> [Source data]
────
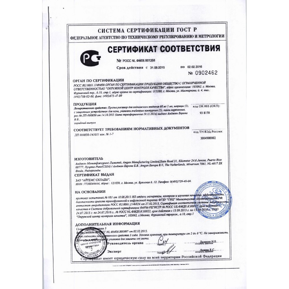 - Официальная инструкция от производителя Amgen Europe B.V. Нидерланды
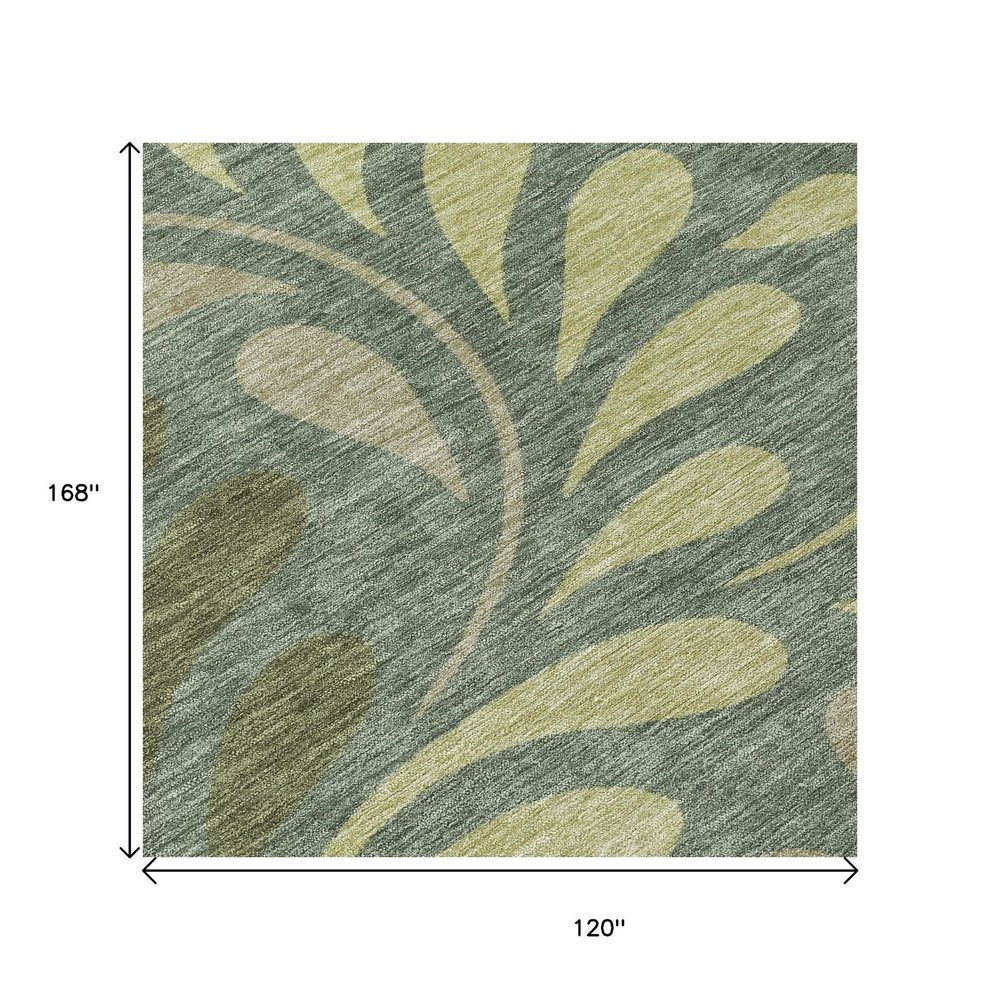 More from 10' X 14' Artichoke Green And Sage Botanical Leaves Washable Indoor Outdoor Area Rug Collection
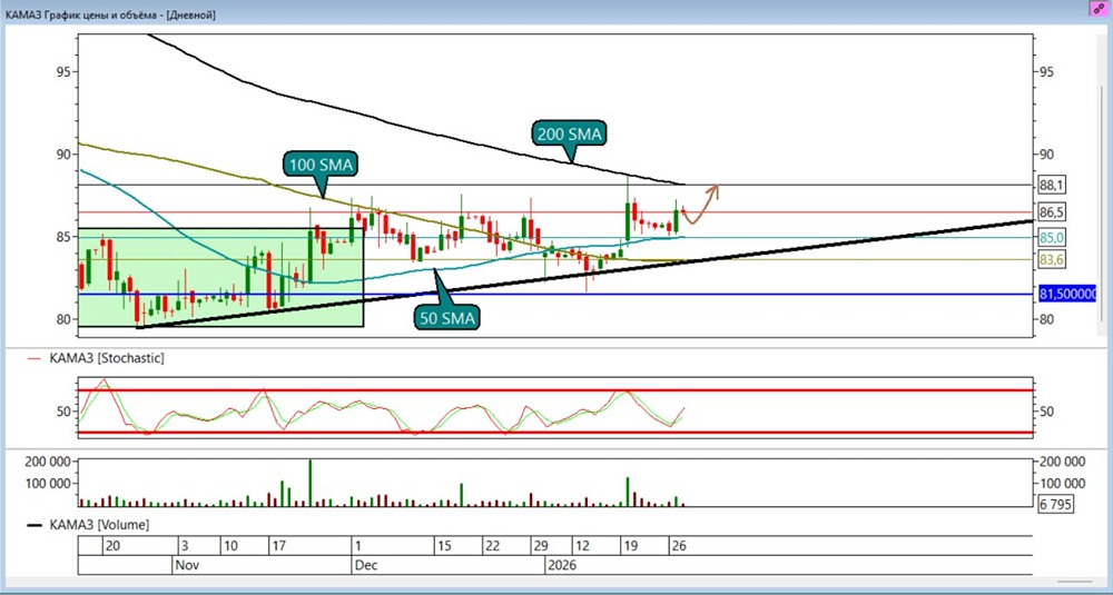 Цели по лонгу на уровне ₽87 были выполнены • Профит +1,72%. Стохастик только начинает разворачиваться от нижней границы своего диапазона. Продаж сильных я так и не увидел. Снизу трендовая поддержка формирует боковик. • Вторая цель по лонгу на скользящей 200 SMA или ₽88,1 на сегодня. • Стоп ₽81,5 (тот же) Не является индивидуальной инвестиционной рекомендацией Пост взят с международного сервиса для инвесторов и трейдеров [M O N D I A R A](https://i.mondiara.com/) 👉 вот ссылка на канал: https://i.mondiara.com/i/c/kamaz_analytics Скачать приложение в [App Store](https://apps.apple.com/ru/app/m-o-n-d-i-a-r-a/id6475953453) Скачать приложение в [Google Play](https://play.google.com/store/apps/details?id=com.mondiara.app) Валюта расчёта - Ваши добрые мысли! Спасибо, что с нами! [M O N D I A R A](https://i.mondiara.com/) — ключевой инструмент для исследований, торговли, инвестирования и стратегического планирования на российском фондовом рынке
────
> [Task requirements] Your task is to repeat exactly the lines from the beginning of the data to the line that contains "More from 10'", both ends included, leaving out pictures.

> [Your response]
 - Официальная инструкция от производителя Amgen Europe B.V. Нидерланды
 More from 10' X 14' Artichoke Green And Sage Botanical Leaves Washable Indoor Outdoor Area Rug Collection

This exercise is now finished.